Section 42C. (a) There shall be an advisory committee to the board. The committee shall consist of the commissioner of public health or a designee and 7 members who shall be appointed by the commissioner: 1 of whom shall be an expert in chapter 71 of the USP; 1 of whom shall be an expert in chapter 795 of the USP; 1 of whom shall be an expert in chapter 797 of the USP; 1 of whom shall be an expert in cGMP for aseptic processing; 1 of whom shall be an expert in pharmacoeconomics; 1 of whom shall be an expert in clinical pharmacology; and 1 of whom shall be a microbiologist. At the request of the board, the commissioner may appoint additional members knowledgeable in the fields of pharmaceutical compounding, pharmaceutical manufacturing, pharmacy, medicine or related specialties.
(b) Each member of the advisory committee appointed by the commissioner shall serve for a term of 3 years; provided, however, that additional members shall serve for a term determined by the commissioner not to exceed 3 years.
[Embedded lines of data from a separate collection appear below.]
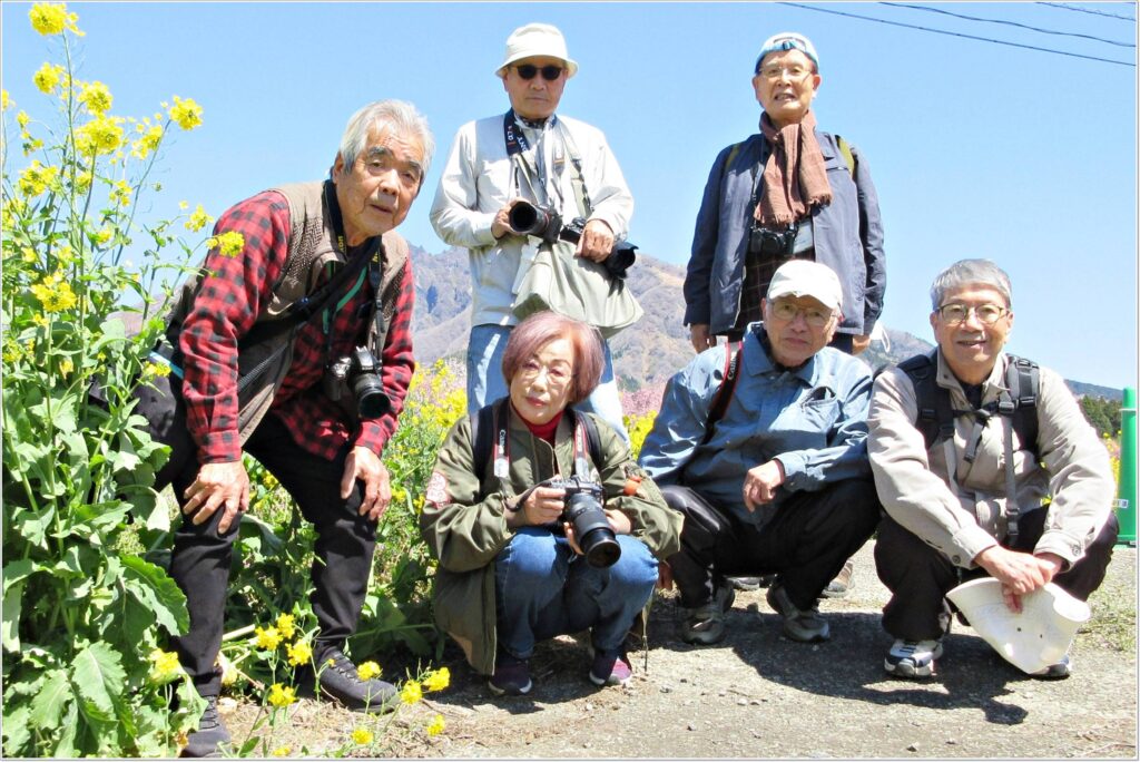 講師の武田先生と参加者6名、計7名が集合しました。サクラミチでの撮影会は2024年(令和6年)4月10日(水曜日)以来2年振りでした。5名は相乗りで近くの講師の知人宅に駐車し歩いて現場へ。2名は個人で現場へ。内1名は鍋の平キャンプ場に駐車し約20分歩いて現場へ。小生は「高森町民グラウンド」に駐車し、約5分間、無料のシャトルバスに乗車し現場へ。尚、観光客が増加しシャトルバスは今年から開始したそうです。「サクラミチ」も進化していいですね。
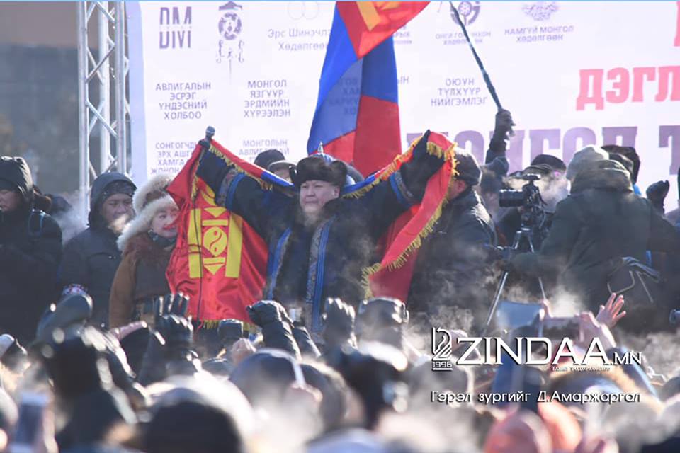 -Өнөөдөр бид зайлшгүй үр дүнд хүрэх ёстой. Монголын баялаг, газар нутгийг дээрэмдэх гэсэн дээрэмчид үеийн үед байсан. Харамсалтай нь, энэ цаг үед эдгээр дээрэмчид биежиж, босоо ороолон болчихоод байна. Та бид дархан нутагтаа эзэн нь байх юм уу? Боолоор амьдрах юм уу? Хөх толботны заяаг бурханд даатгаад орхичих юм уу? Бүгд эвлэлдэн нэгдэж, бүтэн улсаа аврах уу? Ийм гарцаагүй тулсан асуултуудад өнөөдөр хариу өгөх гэж байна. 100 жилийн өмнө бидний өвөг дээдэс энэ асуултад хариулсан. Тэд ган бат сахилга дор ганц зорилгын төлөө нэгдэж, газар нутгаа хамгаалсан юм. Бид маш сахилга баттай байх ёстой. М.Энхболд одоо Монголын төрөөс зайлах цаг болсон.
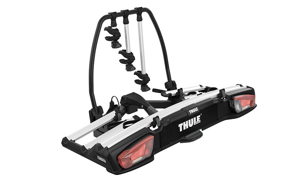 Thule VeloSpace XT är den mångsidiga cykelhållaren för alla typer av cyklar. Tack vare den höga lastkapaciteten går det även att transportera elcyklar och tunga mountainbikes.
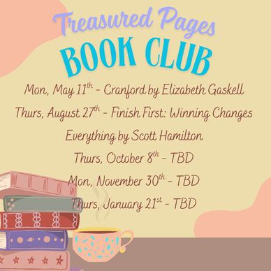 Ladies, 18 and older, are welcome to join us for Treasured Pages Book Club. We meet at 6:30pm. To find out out if there is still space available and learn more, please send an email to shannontobiaslibrary.com with "Treasured Pages" in the subject line.
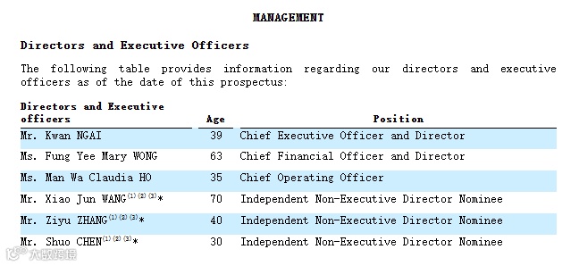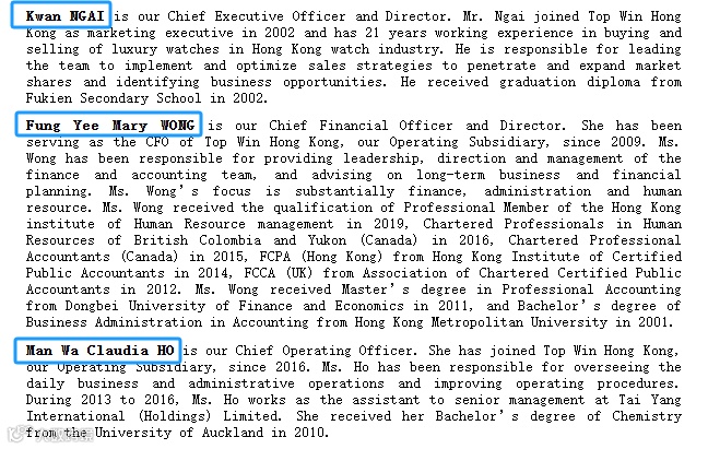 招股书显示,Top Win的管理层如下:

Any person appointed to fill a vacancy on the committee shall serve for only the unexpired term of the member who vacated. Members shall be eligible for reappointment. A member of the committee appointed by the commissioner may be removed by the commissioner for cause. Members of the committee shall serve without compensation and shall be free of any liability incurred by their proposed recommendations to the board. The advisory committee shall meet at least semi-annually but may meet as often as the members or the board shall determine or at such other intervals as established by the commissioner to fulfill its duties. The department shall provide the advisory committee with support services necessary to complete needed research and analysis and enable the committee to make effective recommendations. Any recommendation made by the advisory committee shall be posted on the department of public health's website and a copy shall be transmitted to the clerks of the senate and house of representatives, who shall forward the report to the joint committee on public health and the joint committee on health care financing.
(c) The advisory committee shall evaluate the practice of pharmacy across all settings and recommend to the board any new or revised regulations and policies necessary to improve the delivery of pharmacy services in the commonwealth. The committee shall advise the board: on the establishment of specialty pharmacy licensure categories; on the development of quality assurance, inspection and testing procedures applicable to compounding; on the application of accountability documentation requirements in licensed sterile pharmacies and complex non-sterile pharmacies; the development of regulations to supplement the USP, all chapters; and any other area as requested by the board.
(d) The advisory committee shall evaluate the volume and revenue of drug preparations generated by each licensed sterile compounding complex non-sterile compounding pharmacy and pharmacy in the commonwealth, provided, that any item of information which is confidential or privileged in nature or under any other law shall not be regarded as a public record. Nothing in this section shall authorize the committee to obtain individually identifiable patient information.
(e) The advisory committee shall monitor existing or potential shortages of medically necessary drug products and recommend to the board options available to the commonwealth to mitigate the impact of drug shortages on patients and providers when a sufficient clinical need or a threat to public health and safety exists.